2008年(平成20年)よりメルボルンカップ(オーストラリア、GI)の前年度優勝馬[注 2]を招待するようになり[注 3]、本競走の優勝馬にも同年のメルボルンカップへの優先出走権が与えられる。
2017年(平成29年)より大阪杯、宝塚記念とともに同一年に行われる3競走を全て優勝した馬に褒賞金が贈られる[5][注 4]。2025年より、これら3レースの他、秋の古馬三冠にあたる天皇賞(秋)・ジャパンカップ・有馬記念を合わせた6競走のうち、同一年で3レース制覇した出走馬にも褒賞金が贈られるようになった。
世界の中の天皇賞(春)
世界の競馬開催国は、平地競走については国際セリ名簿基準書においてパートIからパートIIIまでランク分けされており[注 5]、主要な競走は国際的な統一判断基準で評価が行われている。日本は平地競走が最上位のパートIに分類されている[6]。
2025年(令和7年)現在、日本を含めパートIに分類されている国・地域のうち、3000m級の平地G1競走を行っているのは、
- 日本 - 天皇賞(春):3200m、菊花賞:3000m
- イギリス - ゴールドカップ:約4014m、グッドウッドカップ・ロングディスタンスカップ:約3219m[7]、セントレジャー:約2921m
- フランス - ヴィコンテッスヴィジエ賞・ロワイヤルオーク賞:3100m、カドラン賞:4000m、ロワイヤリュー賞:2800m
- アイルランド - アイリッシュセントレジャー:約2816m
- オーストラリア - メルボルンカップ・シドニーカップ:3200m
以上の5カ国だけである[6][注 6]。
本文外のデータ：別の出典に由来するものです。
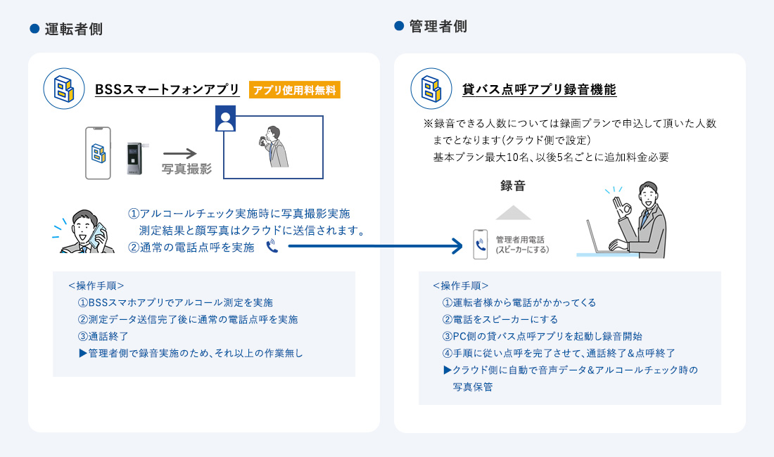 出勤、点呼、台帳管理の他に必要に応じてオプション機能を選択することが可能です。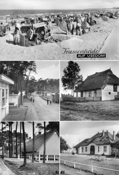 Ansichtskarte Trassenheide auf Usedom fünf Abb. - u.a. Ferienlager der "Friedrich-Schiller-Universität Jena und Bahnhof Erhaltung I-II postalisch gelaufen, gestempelt: unleserlich Druckvermerk: 1969 Herstellungsland: DDR Verlag: Heldge-Verlag KG, 437 Köthen - 9787

天皇賞(春)はこの分類で、ゴールドカップ、カドラン賞に続く世界で3番目の長距離戦に該当し、優勝馬を招待しているメルボルンカップとは同じ距離である。
競馬の競走における距離別の区分法として定着しているSMILE区分によると、天皇賞(春)は2701m以上の「Extended(超長距離)」部門に分類される。国際競馬統括機関連盟(IFHA)が公表した「世界のトップ100GIレース」によると、天皇賞(春)は全体の54位にランクインした[8]。「Extended(超長距離)」のカテゴリーからランクインした競走ではゴールドカップ(38位)に次ぐ順位[9]で、日本国内ではランクインした9競走のうちの8番目にランクされている[8]。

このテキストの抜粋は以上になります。